We’re all prepared to understand and to a certain degree excuse blind spots in others, because hopefully we’re all aware that we have them, too. But there are situations in which we should stop excusing what we’re calling a blind spot, because that’s not actually what it is.

A blind spot is legitimate as such only as long as we have had no opportunity to see it, in other words up to the point that someone close to us points it out and tells us of the undesirable effect it’s having. As of that point, we can no longer claim ignorance. If several people have pointed out the same thing, and we still act unaware of the damage we’re causing, this is no longer a blind spot. In this case we are in some way more invested into remaining intractable than we are into the investment that changing would require of us.
For an innocuous illustration: a man who leaves his clothing where he drops it each night can be excused until his wife has told him --maybe a few times, because he’s done this all his life and habit is hard to break-- how much that annoys her, and requests him to be an adult and clean up after himself. From that time onward, each time he does it he is (however unintentionally) telling his wife: “You and your reasonable wishes don’t matter to me as much as my own personal comfort and laziness matters to me.” I know many wives with this type of lament whose husbands seem to remain clueless of the message they are sending.

Another axiom I’ve come across lately is this one (I think it originates from Maya Angelou): "When someone’s actions tell you who they are, believe them."

Now, we all have times when we slide back into bad habits or forget what we’d intended to change. I’m not talking about that. I’m taking about someone who, despite having been told, shown and entreated many times by many different people, remains immovable in the behaviours that harm others. Worse, this person may turn the tables on those who muster the courage to tell him how he has hurt them, and play the victim, using blame-shifting tactics: “I can’t imagine why you would think that of me. I never intended any harm. I’m so hurt you would judge me this way.”

If this person is in any kind of authority, especially spiritual authority, the damage is of course on a much wider scale. This is not a blind spot, but something more sinister. There is a deep commitment to remaining the same at others’ cost, and unknowingly at their own cost. Whether it is intended as such or not, it results in abuse. Abuse of peoples’ trust, their time and personal investment, their loyalty, their expectations that he would care enough about the effects of his brokenness on them to at least make an effort to change.

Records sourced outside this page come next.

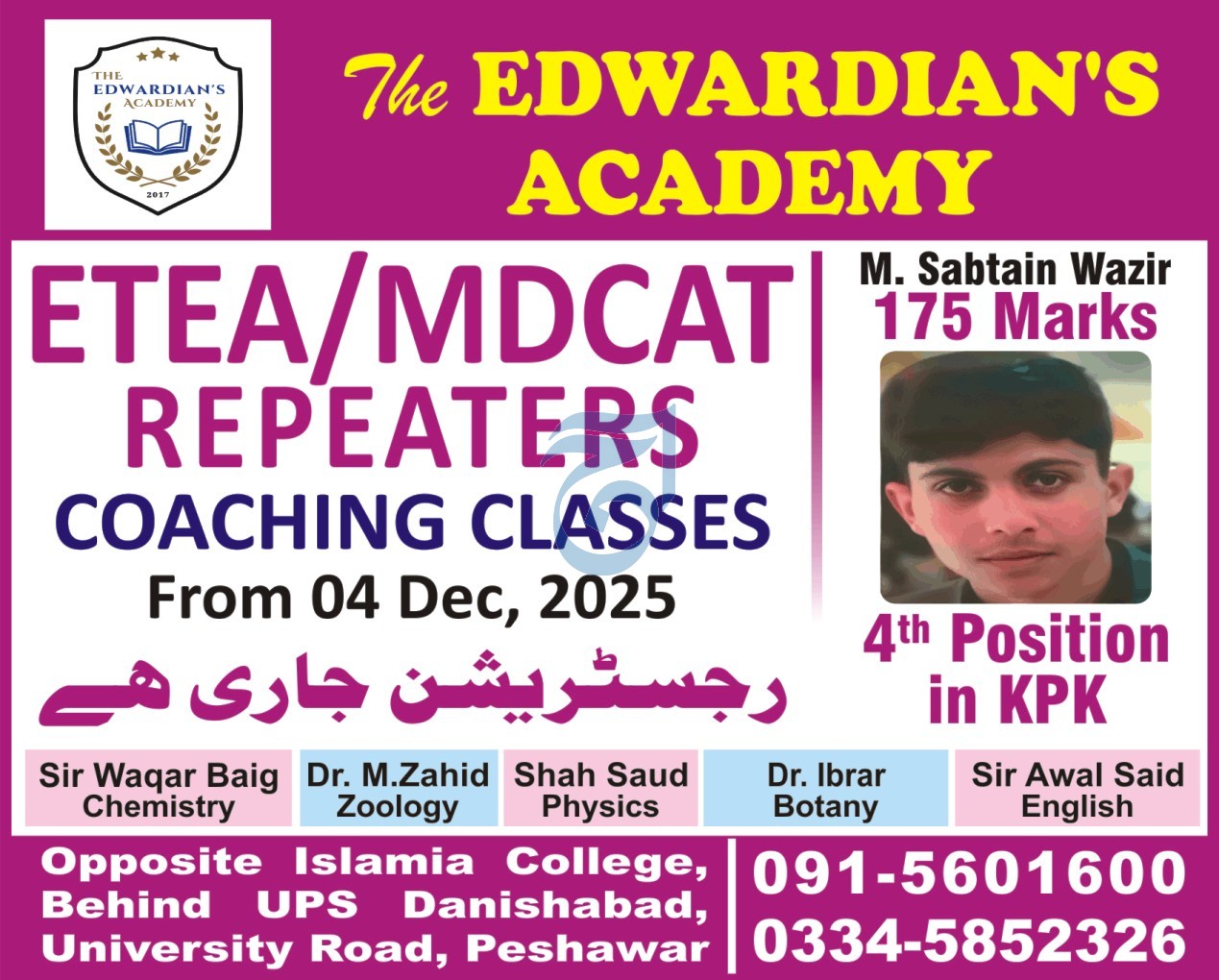 Coaching Classes of MDCAT, ETEA Admissions 2025 open in 7TH Edwardians
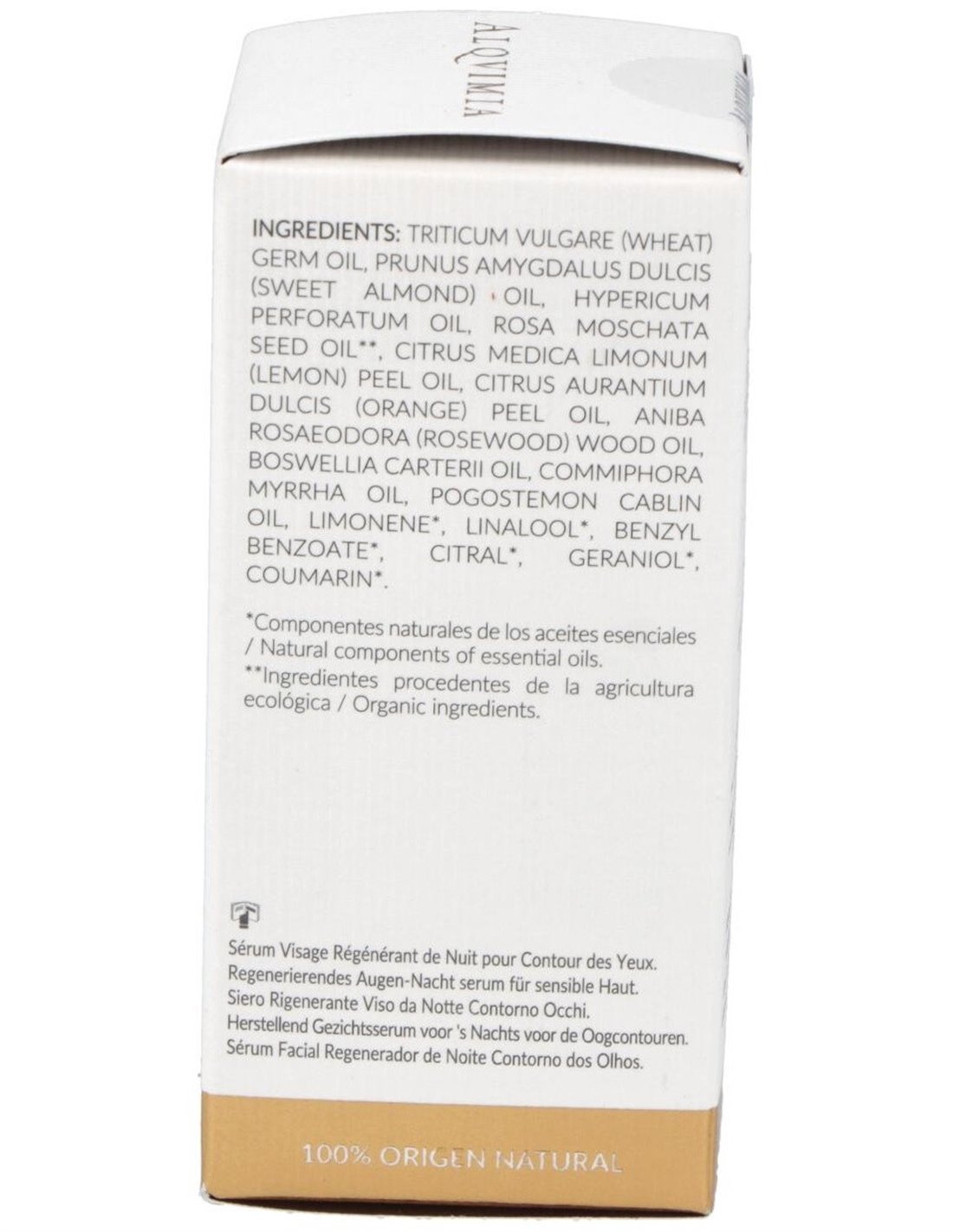 Triticum vulgare (wheat) germ oil, prunus amygdalus dulcis (sweet almond) oil, hypericum perforatum oil, rosa moschata seed oil, citrus medica limonum (lemon) peel oil, citrus aurantium dulcis (orange) peel oil, aniba rosaeodora (rosewood) wood oil, boswellia carterii oil, commiphora myrrha oil, pogostemoncablin oil, limonene*, linalool*, benzyl, benzoate*, citral*, geraniol*, coumarin*
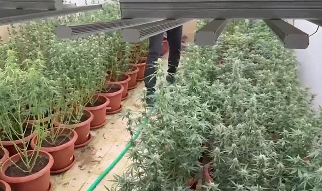 İZMİR'in Aliağa ve Menemen ilçelerinde 2 villada kurulan serada özel düzenekle yetiştirilen 212 kök kenevir ile 9 kilo 350 gram esrar ele geçirildi, 3 şüpheli tutuklandı.Narkotik Suçlarla Mücadele Şube Müdürlüğü ekipleri, uyuşturucu veya uyarıcı madde ticareti yapanlara yönelik çalışma yaptı. Aliağa ve Menemen ilçelerinde 2 villada kenevir yetiştirildiği tespit edildi. Polis ekiplerinin önceki gün adreslere düzenlediği operasyonda villalarda kurulan serada özel düzeneklerle yetiştirilen 212 kök kenevir bitkisi ile 9 kilo 350 gram esrar ele geçirildi. Operasyon kapsamında O.G., C.A. ve İ.G., gözaltına alındı. Emniyetteki işlemlerinin ardından adliyeye sevk edilen şüpheliler tutuklandı.
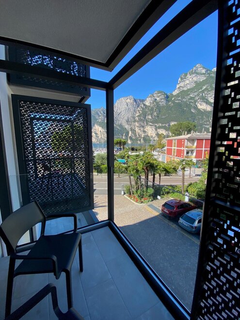 Eleganti camere dal design moderno, tutte con balcone con vista lago laterale per non perdervi nessuna alba o tramonto.

I was married to an emotional abuser for over 30 years. He had many fine qualities as well as his brokenness, and he would say to this day that he loved me and never intended to hurt me. But the fact is, he did hurt me; over and over again, and he remained defensive about it and unwilling to own it as his problem to the end. Protecting himself trumped as the most important thing in his inner life.
The fact that people who do this can be wonderful people in other aspects does not change the fact that a blind spot is only a blind spot until it is revealed; then it becomes something else. When we exemplify an unwillingness to see, own and change our revealed “blind spots”, we’re like a lorry driver who keeps running over people in the street with the excuse: “But I didn’t see them!” or, worse: “Well, they shouldn’t have been standing there.”